● What you are asked to do
Restate the listing below word for word; no picture is to be carried over.

● Available data
'''
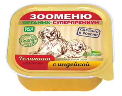 мясо и мясные субпродукты не менее 80% (в том числе индейка не менее 15%), злаки, натуральные загустители, витаминно-минеральный комплекс.
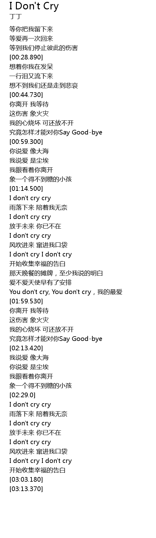 | [01:53.550] | You don' t cry, You don' t cry, wo de zui ai |
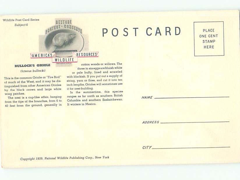Pre-1980 BULLOCKS ORIOLE BIRD AC5972
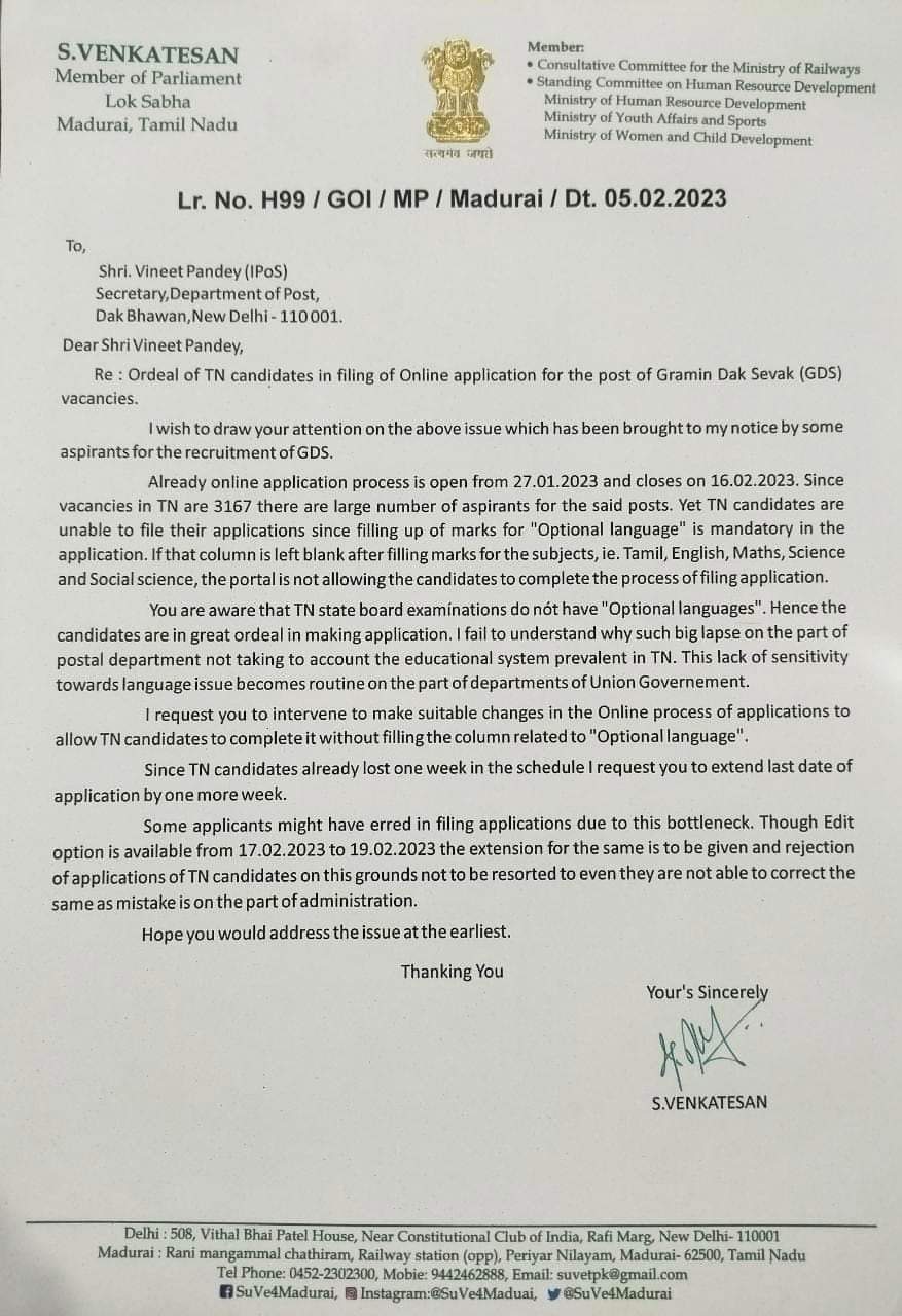 அஞ்சல் தேர்வு : தமிழ்நாட்டு மாணவர்கள் விண்ணப்பிக்க முடியாதபடி தேர்வு படிவம. உடனடியாக படிவத்தை மாற்றுங்கள் – அஞ்சல் துறை செயலாளருக்கு சு. வெங்கடேசன் எம். பி கடிதம்
'''
● Expected answer
 мясо и мясные субпродукты не менее 80% (в том числе индейка не менее 15%), злаки, натуральные загустители, витаминно-минеральный комплекс.
 | [01:53.550] | You don' t cry, You don' t cry, wo de zui ai |
Pre-1980 BULLOCKS ORIOLE BIRD AC5972
 அஞ்சல் தேர்வு : தமிழ்நாட்டு மாணவர்கள் விண்ணப்பிக்க முடியாதபடி தேர்வு படிவம. உடனடியாக படிவத்தை மாற்றுங்கள் – அஞ்சல் துறை செயலாளருக்கு சு. வெங்கடேசன் எம். பி கடிதம்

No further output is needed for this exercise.